[PROVIDED DATA]:

--------

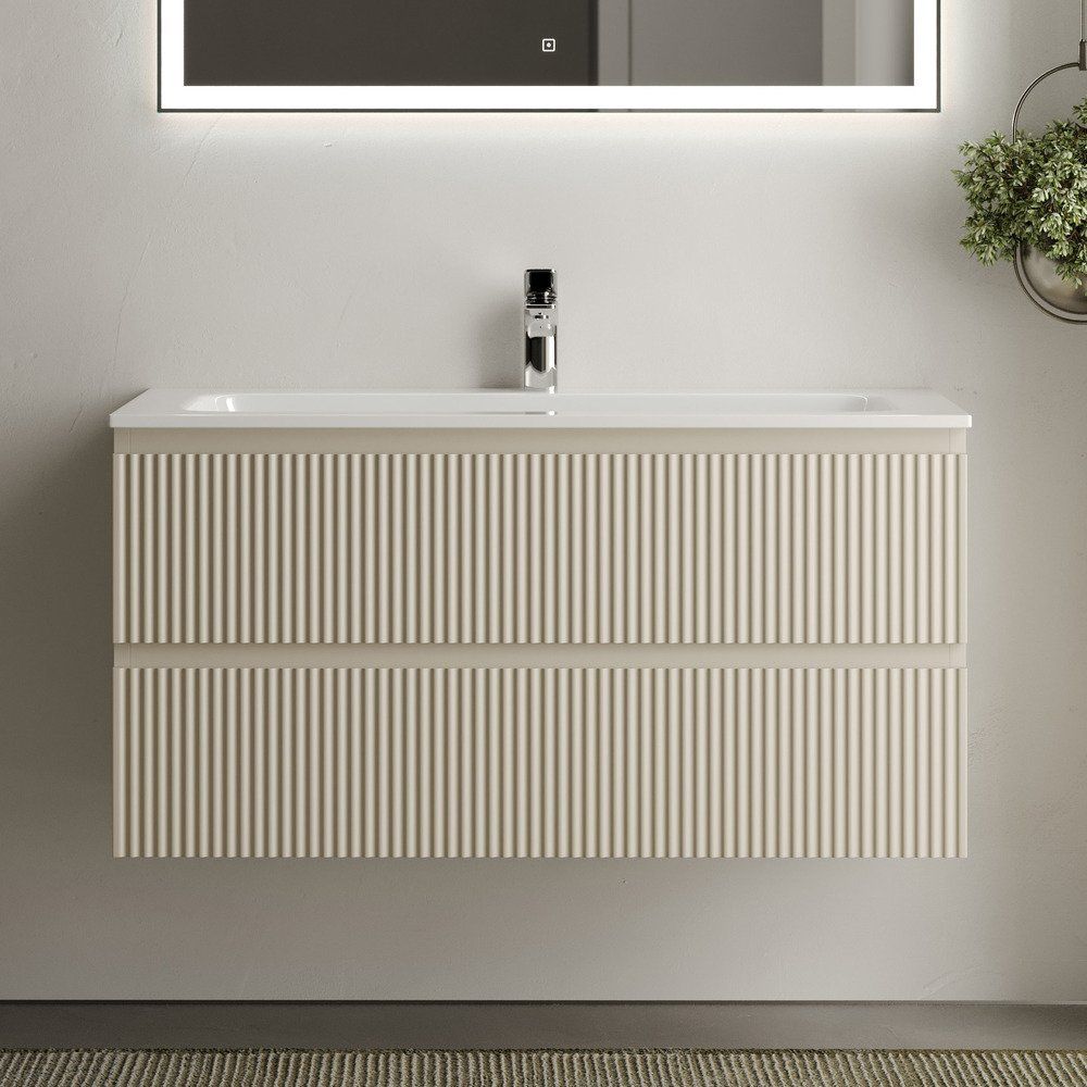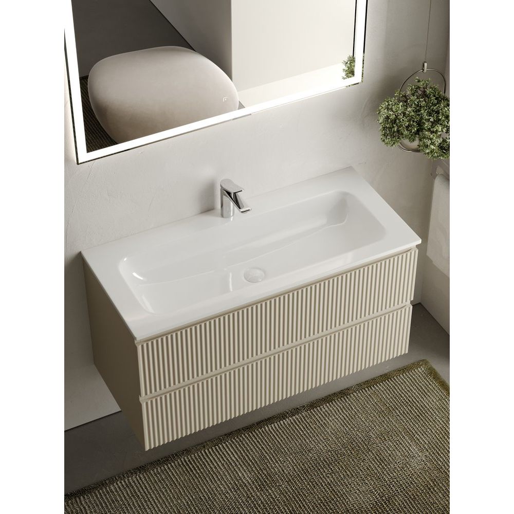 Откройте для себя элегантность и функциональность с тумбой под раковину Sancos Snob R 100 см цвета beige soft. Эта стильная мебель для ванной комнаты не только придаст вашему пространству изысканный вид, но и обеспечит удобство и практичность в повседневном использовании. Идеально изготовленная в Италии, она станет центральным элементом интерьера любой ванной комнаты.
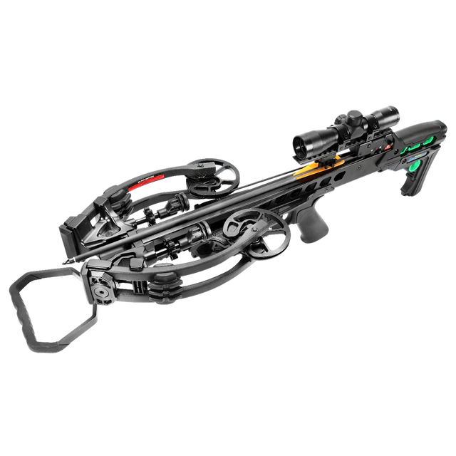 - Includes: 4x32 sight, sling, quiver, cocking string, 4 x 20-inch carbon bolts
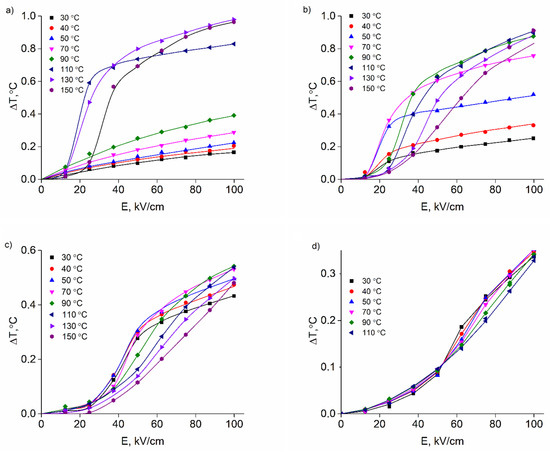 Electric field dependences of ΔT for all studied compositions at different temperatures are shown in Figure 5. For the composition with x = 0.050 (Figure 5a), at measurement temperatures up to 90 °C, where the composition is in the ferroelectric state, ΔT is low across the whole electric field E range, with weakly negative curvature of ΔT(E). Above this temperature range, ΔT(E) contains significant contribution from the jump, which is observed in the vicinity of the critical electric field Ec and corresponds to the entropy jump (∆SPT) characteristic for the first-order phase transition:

--------

From the material above, output every line exactly as written, dropping any picture.

 Откройте для себя элегантность и функциональность с тумбой под раковину Sancos Snob R 100 см цвета beige soft. Эта стильная мебель для ванной комнаты не только придаст вашему пространству изысканный вид, но и обеспечит удобство и практичность в повседневном использовании. Идеально изготовленная в Италии, она станет центральным элементом интерьера любой ванной комнаты.
 - Includes: 4x32 sight, sling, quiver, cocking string, 4 x 20-inch carbon bolts
 Electric field dependences of ΔT for all studied compositions at different temperatures are shown in Figure 5. For the composition with x = 0.050 (Figure 5a), at measurement temperatures up to 90 °C, where the composition is in the ferroelectric state, ΔT is low across the whole electric field E range, with weakly negative curvature of ΔT(E). Above this temperature range, ΔT(E) contains significant contribution from the jump, which is observed in the vicinity of the critical electric field Ec and corresponds to the entropy jump (∆SPT) characteristic for the first-order phase transition:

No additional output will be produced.